::: COLLECTED DATA

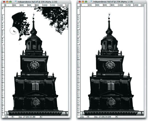 | | | 12. | Zoom in to 100% magnification to look for gaps in the alpha channel. You should see a few in the tower. With your Paintbrush set to black, paint out the spotting.
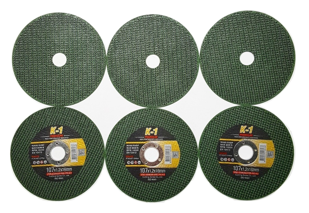 Tên thường gọi: Đá cắt K1 xanh 107 *** THÔNG TIN SẢN PHẨM - Kích thước: 107 x 1.2 x 16mm - Màu: xanh - Số lượng: 100 viên - Công dụng: cắt sắt, gia
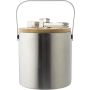 Duplafalú jegesvödör bambuszfedéllel és rozsdamentes acél fogantyúval. A belső 304-es, a külső pedig 201-es rozsdamentes acélból készült. Jégcsipesszel, 1200 ml-es űrtartalommal. Csomagolása barna papírdoboz.

::::::

Exactly as written, return each line above and leave the pictures behind.

**FINISHED TASK:**
 | | | 12. | Zoom in to 100% magnification to look for gaps in the alpha channel. You should see a few in the tower. With your Paintbrush set to black, paint out the spotting.
 Tên thường gọi: Đá cắt K1 xanh 107 *** THÔNG TIN SẢN PHẨM - Kích thước: 107 x 1.2 x 16mm - Màu: xanh - Số lượng: 100 viên - Công dụng: cắt sắt, gia
 Duplafalú jegesvödör bambuszfedéllel és rozsdamentes acél fogantyúval. A belső 304-es, a külső pedig 201-es rozsdamentes acélból készült. Jégcsipesszel, 1200 ml-es űrtartalommal. Csomagolása barna papírdoboz.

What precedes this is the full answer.